3. Interactions Dataset
Google Analytics (or any third-party analytics platform) is often considered a good source of user interaction info, such as location or device (mobile, tablet, desktop), page views, time on site, and conversions. 

 

How to prepare the Items Dataset

Before you can send the items dataset to a recommendation engine, you need to extract data from one or several sources and format it in a way that the recommendation engine recognizes. 

Let’s consider the straightforward scenario where you’re already using Algolia Search for your ecommerce and you’re sending your product catalog using one of the Algolia API clients. Here’s how the JSON might look like:

[
  {
    "item_id": "0000031852",
    "title": "CeraVe Moisturizing Cream",
    "description": "Developed with dermatologists, CeraVe Moisturizing Cream has a unique formula that provides 24-hour hydration and helps restore the protective skin barrier with three essential ceramides (1,3,6-II). This rich, non-greasy, fast-absorbing formula is ideal for sensitive skin on both the face and body.",
    "price": 16.08,
    "image": "../images/0000031852.jpg",
    "categories": [
      "Beauty & Personal Care",
      "Body Creams"
    ],
    "availability": "in stock"
  },
  {
    "item_id": "0000042941",
    "title": "REVLON One-Step Hair Dryer And Volumizer Hot Air Brush, Black, Packaging May Vary",
    "description": "The Revlon One-Step Hair Dryer and Volumizer is a Hot Air Brush to deliver gorgeous volume and brilliant shine in a single step. The unique oval brush design smooth hair while the rounded edges quickly create volume at the root and beautifully full-bodied bends at the ends in a single pass, for salon blowouts at home.",
    "price": 41.88,
    "image": "../images/0000042941.jpg",
    "categories": [
      "Beauty & Personal Care",
      "Hot-Air Hair Brushes"
    ],
    "availability": "in stock"
  },
  {
    "item_id": "0000053422",
    "title": "Maybelline Lash Sensational Washable Mascara",
    "description": "Get a sensational full-fan effect with Maybelline New York’s fan favorite Lash Sensational Washable Mascara! Lashes grow in more than one layer. This volumizing mascara can unfold layer upon layer of lashes thanks to its exclusive brush with ten layers of bristle.",
    "price": 6.49,
    "image": "../images/0000053422.jpg",
    "categories": [
      "Beauty & Personal Care",
      "Makeup",
      "Mascara"
    ],
    "availability": "out of stock"
  }
]

Obviously, you don’t need to include everything — you should be selective about what goes in the dataset, gathering solely information that’s useful for building your recommender system. For example, if the recommendation engine is not built to process images, you should simply disregard the “image” metadata.
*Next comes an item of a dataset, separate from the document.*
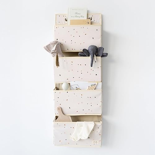 3 Sprouts - Étagère Derrière Porte - Rangement Suspendu Tissu - Organisateur de Porte - Étagère à Suspendre - Rangement Porte à Suspendre - Idéal Chambre d'Enfant, Chambre - Terrazzo - Crème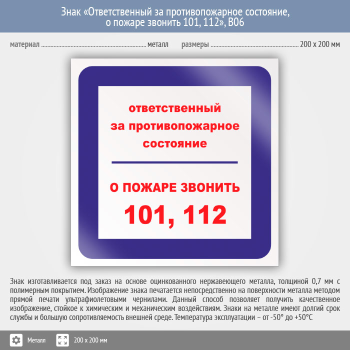 Знак «Ответственный за противопожарное состояние, о пожаре звонить 101, 112», B06 (металл, 200х200 мм) в Твери купить

Another option is to export the product catalog in a CSV format from your Shopify, Magento or WooCommerce store. Below are the steps required each of them:

 

Exporting products from Shopify

  1. From your Shopify admin, go to Products > All products. Note: If you want to export only some of your products, then you can filter your product list to view and select specific products for export.
  2. Click Export. From the dialog box, choose the products you want to export: The Current page (of products), All products, Selected products (that you have selected), Current Search (products that match your search and filters).
  3. Select which type of CSV file you want to export  – use Plain CSV file
  4. Click Export products.
  5. You should end up with a CSV file similar to this one that you can download for inspection.

 

Exporting products from Magento

For Magento 2, data export is an asynchronous operation, which executes in the background so that you can continue working in the Admin without waiting for the operation to finish. Here are the steps:

  1. On the Admin sidebar, go to System > Data Transfer > Export.
  2. In the Export Settings section, set Entity Type to “Products”.
  3. Accept the default Export File Format of CSV.
  4. By default, the Entity Attributes section lists all the available attributes in alphabetical order. You should select the specific attributes to include in your export.
  5. Scroll down and click Continue in the lower-right corner of the page. By default, all exported files are located in the <Magento-root-directory>/var/export folder. If the Remote storage module is enabled, all exported files are located in the <remote-storage-root-directory>/import_export/export folder.

 

Exporting products from WooCommerce

WooCommerce has a built-in product CSV importer and exporter that you can use by following the next steps:

  1. Go to: WooCommerce > Products.
  2. Select Export at the top. The Export Products screen displays.
  3. Select to Export all columns, Export all products, or Export all categories. Or select which columns, products, or categories to export by using the dropdown menu.
  4. Tick the box to Export Custom Meta if you want to include more metadata for your recommender systems.
  5. Select Generate CSV and wait for the export to finish.

Last but not least, you might already be using Google Merchant Center in which case you’re already in possession of a product feed that you can reuse for your recommendation system.

 

How to prepare the Users Dataset

While the items dataset was easier to produce or export, when it comes to working with users datasets, things get a bit more complex, mostly due to privacy constraints rather than technical ones. Clearly, from a machine learning point of view, the more metadata you have on a user the better. However, this might not always be possible and you must be transparent in how you handle user data (e.g., information collected from or about a user, including device information).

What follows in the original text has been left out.